The Bioconductor teaching committee was established in early 2020, and one of its aims is to coordinate the development of Bioconductor-focused training material, consistent with the guiding principles of the Carpentries (https://carpentries.org). During its first year, the committee has started the development of three lessons: an introduction to R (with a Bioconductor focus), an overview of the Bioconductor project, and a lesson on bulk RNA-seq analysis with Bioconductor. In this workshop, we would like to raise awareness of the existing lessons within the Bioconductor community, and invite contributions from interested community members. We will start by giving an overview of the Carpentries guiding principles and the procedures for proposing and developing a Bioconductor lesson. After that, we will invite participants to actively engage with and contribute to the existing material, as well as form new working groups for development of additional lessons.

Pre-requisites

Essential pre-requisites:

  • Basic knowledge of R syntax
  • An interest in teaching R to others

Suggested pre-requisites:

  • Basic knowledge of git
  • Basic knowledge of Rmarkdown

Background reading:

Participation

Attendees are interested in learning about the Carpentries’ guiding principles on the science of learning and how to apply them in their own teaching. They will review existing workshop material from the Bioconductor teaching committee and participate in a “lesson sprint”: contribute ideas, suggestions for improvement, evaluation tests, etc. They will also have the opportunity to suggest other lessons and network with others to hopefully form groups to develop these lessons in the future.

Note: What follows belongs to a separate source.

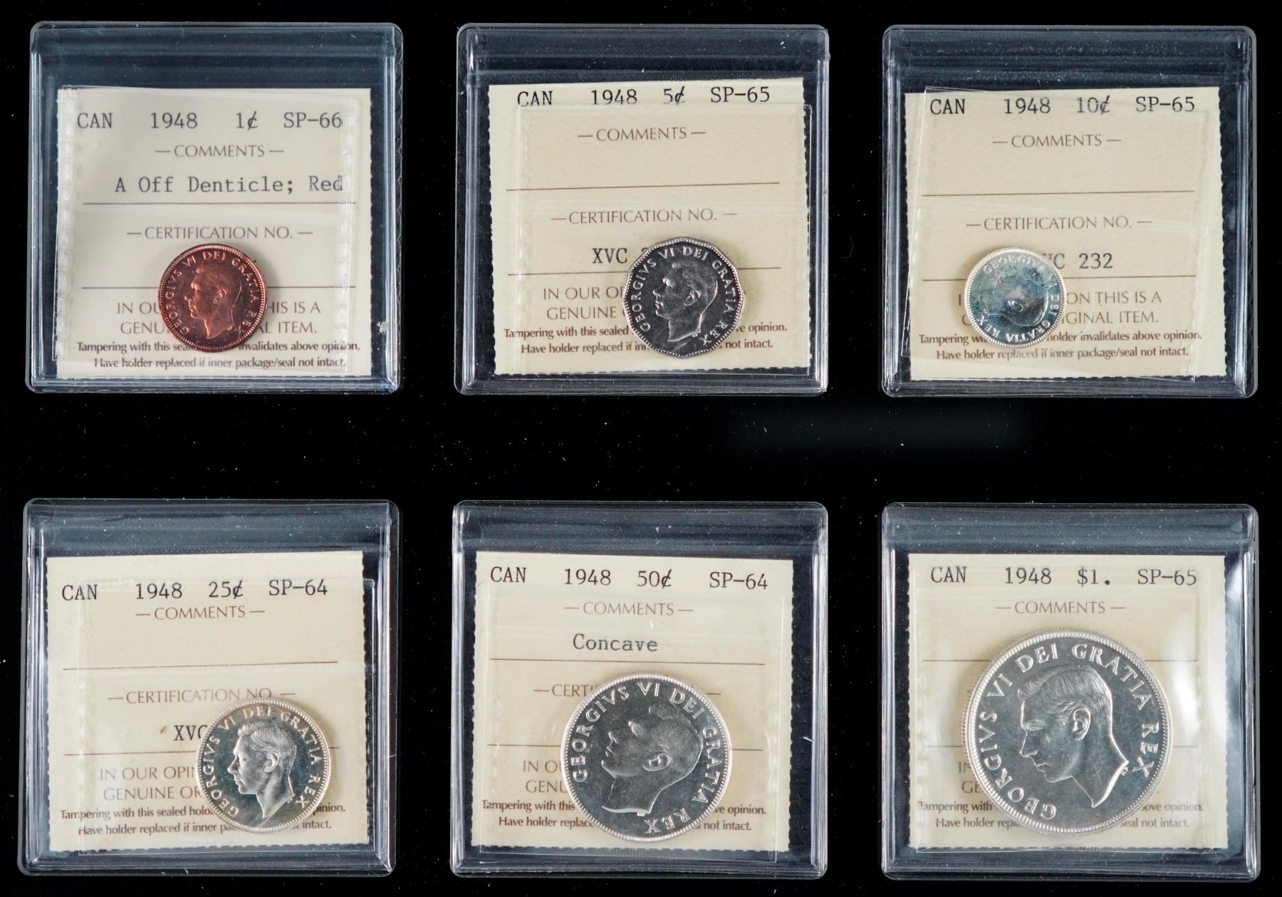 1948 SPECIMEN SET; A superb and complete 6 coin set. All ICCS graded Choice Mint State -64 to Superb Gem Mint State-66. The cent is Full Red and the silver coins are brilliant with great reflective surfaces. Housed in deluxe homemade black leather case.

R / Bioconductor packages used

ggplot2,

Time outline

Activity Time
Carpentries guiding principles 20m
Overview of workshops in development 20m
Lesson sprint 50m
Future lesson planning 20m

Workshop goals and objectives

Learning goals

  • Describe the backwards design instructional model and how it influences the development of course content.
  • Assess the Introduction to R workshop being developed by the Bioconductor teaching committee and provide feedback whether the lesson design fulfills the stated learning objectives.
  • Understand how to create meaningful assessment exercises to test whether learners have learned a particular skill or concept or what misconceptions they still have.
  • Form collaborative groups for future lesson development.

Learning objectives

  • Identify the target audience and learning objectives of the Bioconductor-focused Introduction to R workshop.
  • Modify/edit workshop materials to better obtain the stated learning objectives.
  • Create multiple choice, fill in the blanks, minimal fix, and/or code adaptation exercises to assess specific knowledge gained.
  • Network with others interested in teaching R/Bioconductor workshops.

Workshop

Carpentries guiding principles

Overview of workshops in development

https://github.com/Bioconductor/bioconductor-teaching

An introduction to R

Target audience: At least a mid-level Bachelor student with basic biology knowledge. They have or will have some type of -omic data they will need to analyze and visualize but possibly no prior experience in programming or data analysis.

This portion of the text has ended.